Maybe the geometric forms in James Huff's paintings have started to come full circle outside the canvas.
Weird things are happening with - and as a result of - his art work.Huff's painting ``Yesterday, Today and Tomorrow' is the featured work for the 1997 African American Arts Festival. It appears on posters and brochures for the two-month celebration sponsored by the United Arts Council of Greensboro.
But for Huff, an Atlanta native and Winston-Salem resident, the painting's selection has an even deeper meaning. It was the only work he ever painted in Greensboro, done at UNCG almost 20 years ago when he was a master of fine arts student.
And now it comes back to the city of its creation as a symbol of African American pride, celebration and hope.
``Of all the pieces that I entered in this competition, the only one that I completed in Greensboro was the one that they chose for the festival,' Huff says from his Winston-Salem studio. ``Things like that are starting to happen now, those kind of 'oooo' incidents.'
There have been a few others.
``Yesterday, Today and Tomorrow' is one of the few paintings by an African American artistincluded in the permanent collection of the N.C. Museum of Art. The painting was selected in 1979 as the first-place winner in the museum's annual art competition; it won over about 2,500 other works.
``It was the very last piece entered in that competition on the very last day,' Huff says. ``You had to be there by 6 p.m., and I got there at 5:59 p.m. Then the last one ended up being the one that won.'
It was a heady accomplishment for Huff, who would go on to become only the fifth African American artist (there are now 12) with work in the museum's collection. But as Huff saw it, he had not fully arrived and would not until other black and minority artists were better represented.
``A lot of people felt that I was too militant,' Huff says, ``because if I saw something I felt was incorrect, I would make a statement about it.
``During the civil rights movement, no one protested any museums. But during the times when they (black people) couldn't sit at the Woolworth's lunch counter in Greensboro, they also couldn't go in a museum to look at art either.'
It was a civil rights battle that was fought in the background of such other issues as integration and equal employment. Huff's style was not to picket on the front line or to stage a boycott. He made appointments to talk to curators and administrators. Man to man. Face to face. Artist to arts advocate.

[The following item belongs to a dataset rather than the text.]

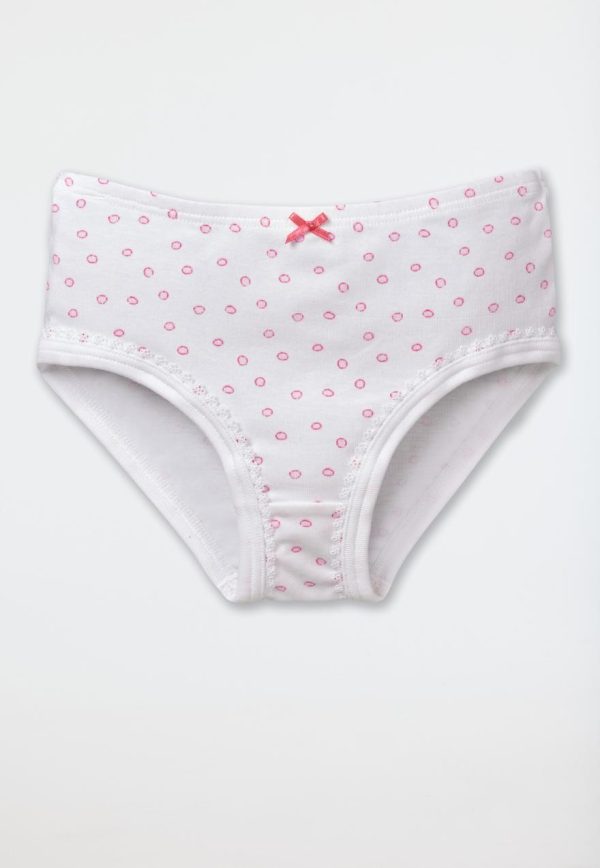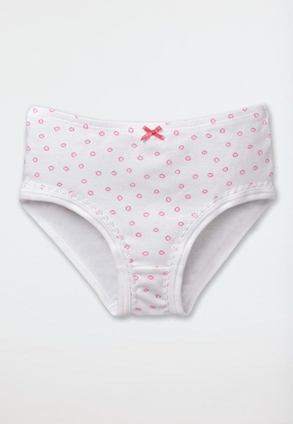 Tupfen zum Verlieben: Dieser weiße Mädchenslip wickelt fröhliche Girls mit seinem zauberhaften Look und softem Material um den Finger! Rosafarbene Tupfen, ein feines Schleifchen und die zarte Verzierung am Beinabschluss schenken dem Hüftslip nicht nur einen mädchenhaften Charme, sondern fühlen sich in hochwertiger, elastischer Feinripp-Qualität dabei auch noch herrlich weich und anschmiegsam an! Ideal für Mädels, die traumhaft-süße Wäsche in bester SCHIESSER-Qualität mögen!

He talked about the need for inclusion to officials at the N.C. Museum of Art - both before and after capturing the first-place award. He spoke to leaders of the North Carolina Symphony and the Division of Historic Sites, urging the inclusion of African American and Native American culture.
His name began to circulate on a grapevine that didn't always attest to the sweetness of his labors. Some didn't understand Huff's quiet protests.
``I would hear from someone who knew me and knew the person I had met with, and the word would pass that ``If he is doing OK, why should he worry about anybody else?' '
But that degree of concern for his fellow man, for his brother man, is what infuses Huff's art. He paints his love of black women and cites his wife and fellow artist Earnestine Huff as one of the most influential people in his professional and personal life.
He also paints images of strong black men, including the hopeful ``Yesterday, Today and Tomorrow.' That painting haunted the African American Arts Festival committee, which individually and then collectively decided on Huff's painting because it reflected the sentiment of the black male movement.
``We kept coming back to this one,' Committee Chairman Gerald Williams says. ``Everybody was drawn to that particular one.'
The historic 1995 Million Man March spotlighted black men and renewed the push for responsibility and family commitment. Huff's painting seemed to embody just what committee members wanted.
``We hope the entire community of Greensboro goes through an examination of this print and will actually see and feel the same thoughts we felt with this painting,' Williams says. ``It makes a statement of encouragement to the black male to take more responsibility for himself and family.'
As for Huff, he'll go on painting positive images from his Winston-Salem studio. Up next is a $1.5 million commission from Shaw University's Talbert O. Shaw Living-Learning Center.
And in the pattern that has come to circle Huff's artistic life, there's a story with that project. The exact spot where 18 pieces by Huff, Earnestine Huff and son Quentin Huff will hang in the Living Center is on the same spot where Huff used to live at the former YMCA, a building that has since been torn down.
It was in those old living quarters that Huff also did his very first painting - a portrait of former Gov. Bob Scott - as a mature artist.
``As soon as I saw the new building, I knew,' Huff says. ``I said, 'This is really something. This is really freaky.'
``The old artists used to call it 'the fire,' when your work goes to another level.'
Family: Wife and business partner Earnestine; son Quentin; daughter Jasmine
Education: Bachelor of arts degree in art from Shaw University in Raleigh. Master of fine arts from UNCG
Career highlights: First-place winner of the N.C. Museum of Art's 1979 art competition. Designed the bronze plaque in downtown Greensboro commemorating the Woolworth lunch counter sit-ins by four N.C. A&T students. Work is included in the private collections of entertainer Bill Cosby, civil rights leader Jesse Jackson Sr. and former U.S. Defense Secretary Caspar Weinberger.